Doğu Akdeniz'den Viyana'ya doğru uzanan sıcak ekonomi koridorunu iyi değerlendirmek zorundayız. 2020 yılının zorlu ekonomi maratonunda ağır yara alan Avrupa Birliği'nde Türkiye karşıtı ülkelerin sayısı az bile olsa, etkileri büyük! İngiltere'nin özgürlük zaferi, yani Brexit ile elde ettiği kazanımlarını 2023 sonuna kadar sahaya sürmesi bekleniyor. Türkiye'nin üzerindeki baskıları artıracak tüm olgular ortalama 120 günlük bir zaman diliminde yaşanacak ve bitecek. Öyle ki, 1 Mayıs itibariyle Türkiye'nin üretim ve ihracat gücünün katlanacağını ifade edebiliriz. Su ve çevre konusunda diğer Dünya ülkelerinden daha hızlı davranan Türkiye, Recep Tayyip Erdoğan'ın Şehir Hastaneleri'nde ki başarısını yeniden yaşayacak. Anlayacağınız, Türkiye'nin yakın zamanda ciddi bir su sorunu yaşayacağını düşünmüyorum. Lakin, Bursa başta olmak üzere ülkenin tüm su kaynaklarına ve yollarına yönelik kuyu çalışmalarını Ankara'nın ciddi bir biçimde gözden geçirerek revize etmesi şart!
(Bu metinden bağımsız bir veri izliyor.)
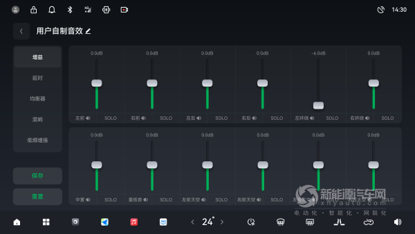 新增音效大師功能,音樂愛好者們可以根據(jù)個人習慣,調(diào)整每個通道的增益、延時、均衡器、混響和低頻增強5個維度。其中,官方預(yù)置模板提供8套專業(yè)調(diào)音師調(diào)制的預(yù)置音效,用戶也可以創(chuàng)建個性化音效,并分享給其他車友。

Akıncı üssü 15 Temmuz'un merkezinde olan bir askeri nokta idi. Bilindiği üzere, İhanet girişiminin marka ismi olan 'Akıncı' ifadesi şimdilerde bir ulusal kanalda televizyon dizisi olarak, hem de 2021 yılının ilk akşamında ekranlara geldi. Ve dizinin kahramanı her ne kadar Türk erkeğinin giyim tarzı ile uyuşmayan bir komedi oyuncusunu andırıyor olsa bile, bizi Yeşilçam'ın favori olduğu dönemlere hatta 'Kara Murat' hayranlığımızın tavan yaptığı bir döneme götürdü. O günkü sosyolojik dengeleri bilemediğim için herhangi bir yorum yapamam. Lakin, bugün Türkiye'de yayınlanan dizinin ilk bölümünde Amerikalı askerleri öldüren bir Türk İstihbarat personelinin baş aktör olması büyük mesajlar içeriyor. Yine, İstanbul'u yönetmek isteyen Amerik menşeili örgütlenmeler ve Türkiye bağlantılarını değerlendirdiğimizde, "15 Temmuz'a 15 ay kala var olan dönemleri diziler aracılığı ile yeniden mi kurguluyorlar" sorusunu sormadan geçmek istemem...
Uzun zamandır Amerika Birleşik Devletleri'nin Akdeniz ve Okyanus bölgesinde deniz kuvvetleri merkezli bir güçlenme profili çizdiğini görüyoruz. Yine, Irak gibi kendi ekonomisini cüzzi miktarda da olsa ayağa kaldırmayı başaran ülkelerin yeniden karıştırılmak istendiği söylemi ile her alanda karşılaşıyoruz. Amerika'nın Çin'in karşısına çıkabilecek bir deniz kuvveti yok! Hali hazırda var olan tüm sistemleri kendisini tatmin edebilecek tarzda sistemler ve teknolojiler. Ancak, son olarak geliştirmeye başladığı, bütçeleştirdiği ve önümüzdeki 20 yıllık kalkınma profiline eklediği teknolojilerin önündeki tek engel olan Donald Trump artık yok. Ve, Joe Biden'in koltuğa oturması ile birlikte 'Büyük İsrail' hamlelerinin sıklaşacağını ifade edebiliriz. Bu da önümüzdeki aylarda kaynayacak olan Ortadoğu gerçeğini masaya koymamız gerekliliğini ortaya çıkarıyor.
Türkiye'nin lider profilini sadece siyaset olarak okumayın. Türkiye'nin Koç gibi Sabancı gibi değerleri ile her alanda barışması gerekiyor. Ve yine, birçok sektörde kendi köklü firmalarını hayata döndürmesi hatta finanse etmesi şart!
Kısacası; Türkiye'nin ciddi bir akına karşı tüm önlemleri alarak ekonomi akıncılarını yeni savaşa hazırlaması 2021 yılı için tek çıkış projesi diyebiliriz.